Explosion Caused By Chain Reaction
While in orbit, the astronauts had to regularly switch on the internal fans of the fuel tanks to stir the super cold oxygen, which appeared to stratify, or settle into layers. However, when Swigert switched on the fans on the second oxygen tank for a regular “cryo stir” on the night of April 13, the damaged wiring triggered a spark, which ignited the fire. The tank exploded at 9:08 p.m., when its internal pressure increased.
As Lovell recounts, the bang took both him and Haise off balance. “I looked up at Fred Haise, wondering if he knew what was causing the noise. And, based on his speech, he had no idea. Then I looked down at Jack Swigert in the command module, his eyes as wide as saucers. And I could see that…this was just the beginning of a long, perilous journey home.”
Swigert shouted, “Houston, we’ve got a problem here,” after seeing an alarm light switch on after hearing the bang of the exploded tank. (He was famously misquoted later.) More flashing lights soon signalled the loss of two of the ship’s three fuel cells, which provided potable water in addition to electricity for cooling the spacecraft’s systems and hydrating the astronauts.
Then, 13 minutes later, Lovell looked out the window and found something else troubling. “We’re venting something out into…space,” he reported. “It’s some kind of gas.” Since the two oxygen tanks were in the same section of the spacecraft, the explosion had also destroyed the other tank, causing it to leak oxygen into space.
Apollo 13’s Difficult Flight Back To Earth
Ground controllers in Houston have been activated to conduct an unparalleled survival operation. They directed the crew to exit the spacecraft’s command module, Odyssey, and enter the separate landing module, Aquarius. If all had gone according to plan, Aquarius would not have been enabled until the astronauts were ready to land on the moon. It now had to hold Lovell, Swigert, and Haise alive for an estimated 90 hours before they could move back to the damaged command module for reentry into the Earth’s atmosphere.
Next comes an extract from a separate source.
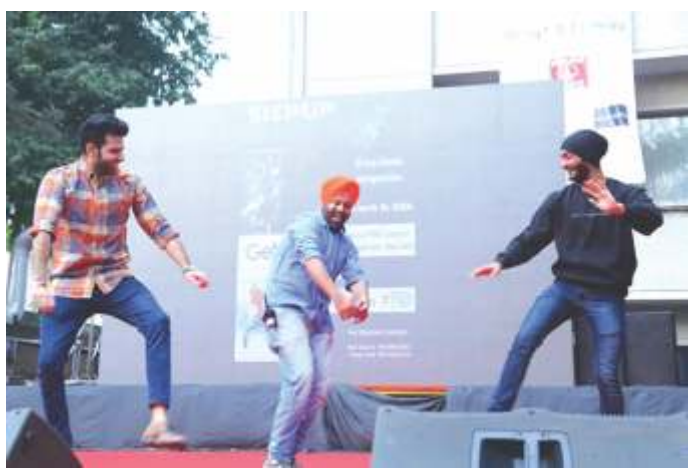
Stunning performance of FOREans

and also some economic events like demonetization. The teams were judged on the basis of message delivered, context, dramatic skills and the involvement of audience.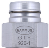
Female GTP-920-1 1½" NPT GTP-920-4 1½" BSP

To save energy, the crew switched off all non-critical systems onboard the spacecraft and reduced their water intake significantly in order to have enough to cool the landing module’s overworked hardware. If so much carbon dioxide collected in Aquarius, Mission Control devised a plan for the astronauts to clear the gas out, instructing them to make a “letter box” out of plastic bags, cardboard, and tape in order to purge the gas using command module canisters.
“They devised a method and then word for word relayed it up to us,” Lovell tells HISTORY This Week. “Hose.” Time, duct tape, and an old sock were the only things that kept us alive.”
The Apollo 13 Mission Deemed a ‘Successful Failure.’
The crew prepared for the final stages of their journey to Earth by jettisoning the lunar module on April 17, after engineers in Houston successfully re-powered Odyssey. Finally, at 11:53 a.m., the Apollo 13 spacecraft re-entered the Earth’s atmosphere, landing in the Pacific Ocean near Samoa.
NASA graded the Apollo 13 mission as a “successful failure” because so much useful experience was gained during the rescue of Lovell, Swiger, and Haise. Beginning with Apollo 14, each spacecraft will be outfitted with an additional battery as well as a third reserve oxygen tank, located in a separate section of the service module from the other two, that could be used solely to supply air to the astronauts. No such incident occurred again over the next eight Apollo missions.